DUP reiterates opposition to May's deal over 'toxic' backstop
The DUP has stepped up its opposition to the "toxic" Brexit deal, with deputy leader Nigel Dodds branding the backstop the "poison" affecting any vote on the withdrawal agreement in the House of Commons.
He was speaking after the Prime Minister warned that the UK will be in "uncharted territory" if MPs do not back her Brexit plan.
Mr Dodds said: "Theresa May still insists that what she has negotiated is a good deal.
"She should remember that it would already have been consigned to the bin but for her pulling the vote in December."
He made the comments after Mrs May confirmed yesterday that the vote in Parliament would go ahead around January 15, despite speculation it could be delayed for a second time.
Mr Dodds blamed the EU and the Irish Government for rejecting efforts to rewrite the deal or find a compromise.
"The responsibility for this lies primarily with the EU," he said.
"EU spokespersons have gone out of their way to reiterate that there will be no renegotiation of the withdrawal agreement.
"True to form the Dublin Government has quickly shut down any possibility of a breakthrough by its now familiar tactic of a fast and flat rejection of any form of compromise."
He added: "This is a time for the United Kingdom to make clear what it wants and needs for a withdrawal agreement to pass Parliament so that the EU is in no doubt as to what's required for a deal.
"The backstop remains the poison which makes any vote for the withdrawal agreement so toxic.
"The EU has shown in the past that it will move but only if faced with a resolute red line on the part of the UK Government.
"The coming days will show if this Government is made of the right stuff."
Since Mrs May pulled the vote Mr Dodds said the DUP had engaged with the UK Government in an attempt to move forward towards a deal that could command support in the House of Commons.
But he said: "So far, the fundamental problems which make this a bad deal appear not to have changed."
The Prime Minister, who is still seeking further guarantees from Brussels in an effort to win over critics ahead of the Commons vote, warned Brexiteers they risked derailing the UK's departure from the European Union if they did not back her deal.
And she again rejected calls for a second referendum, saying it would be disrespectful to people who voted for Brexit in 2016.
As MPs prepare to return to Westminster after the Christmas break, Mrs May said no alternative plan could respect the 2016 referendum result, protect jobs and provide certainty to citizens and businesses.
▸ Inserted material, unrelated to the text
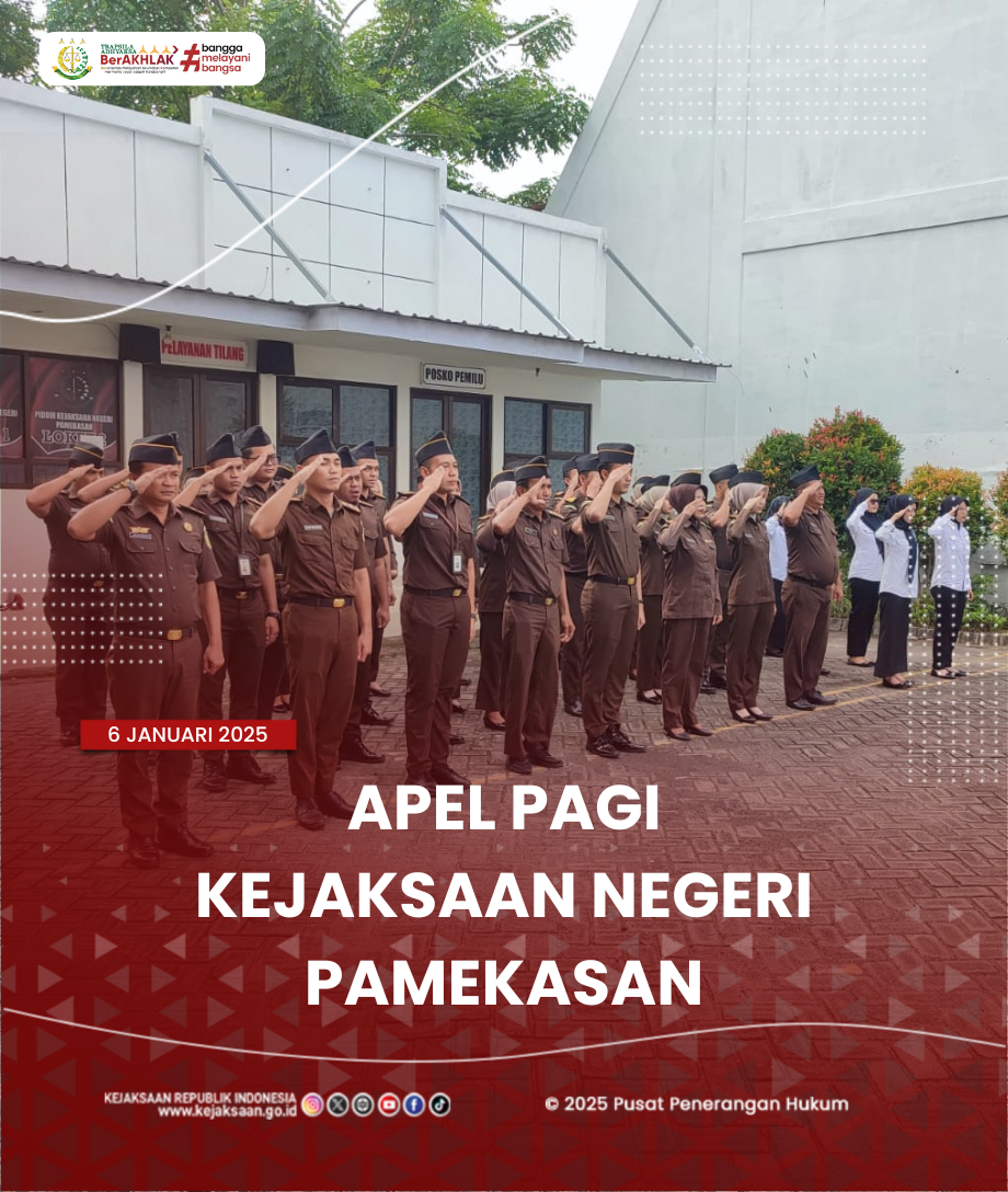 Senin, 06 Januari 2025, Bertempat di Halaman Kantor Kejaksaan Negeri Pamekasan dilaksanakan kegiatan Apel Pagi yang dipimpin oleh Kepala Sub Bagian Pembinaan dengan diikuti oleh seluruh Pegawai dan PPNPN Kejaksaan Negeri Pamekasan.
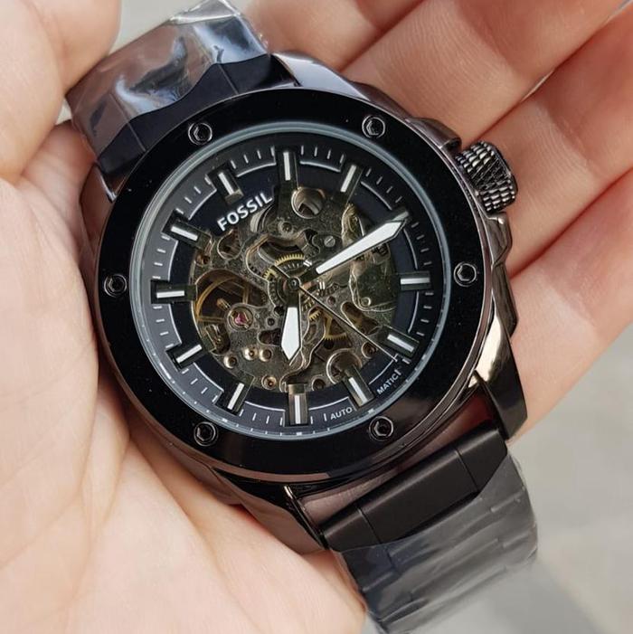 [Star] Jam tangan pria fossil otomatis transparan fossil skeleton - Hitam

And she promised further measures specific to Northern Ireland and a greater role for Parliament, and said "we are still working on" getting extra assurances from Brussels.
Speaking on the BBC's Andrew Marr Show yesterday, she repeatedly sidestepped questions about whether she would keep putting the deal back to MPs if it gets rejected, instead saying: "If the deal is not voted on, this vote that is coming up, then actually we are going to be in uncharted territory. I don't think anybody can say exactly what will happen in terms of the reaction we will see in Parliament."
She said Labour was "playing politics" and opposing any deal to create "the greatest chaos" possible. "We have got people who are promoting a second referendum in order to stop Brexit, and we have got people who want to see their perfect Brexit.
"I would say don't let the search for the perfect become the enemy of the good because the danger there is that we end up with no Brexit at all," she added.
The Commons vote on the withdrawal agreement, officially slated for the week of January 14, is expected to be held on Tuesday, January 15. Mrs May said it would be "that sort of time".
Earlier, speaking in Los Angeles, International Trade Secretary Liam Fox said: "Parliament needs to understand that if we're not able to come to Parliament and get a deal, then we may end up leaving the EU with no deal."
"Most people seem to say that's not what they want to see - well they better make up their minds before we get to a week on Tuesday because that's going to be a very key decision-making point."
Shadow international trade secretary Barry Gardiner suggested Labour could offer a referendum on a renegotiated Brexit deal.
He said Labour's plan remained to push for a general election if Mrs May's deal was rejected, and then seek to negotiate a new deal with Europe.
"The reason Theresa May has had such a botched set of negotiations is because of her red lines," he told Sky News. "If we as a new, incoming Labour government were to go to Europe without those red lines we know that we could get a different, better deal and that's what we want to try and achieve.
"At that stage it makes sense to go to the country and to say 'here we are, this is what we have managed to negotiate, this is the deal that we have managed to conclude because we don't have the same red lines as Theresa May, we think it's a better way forward'."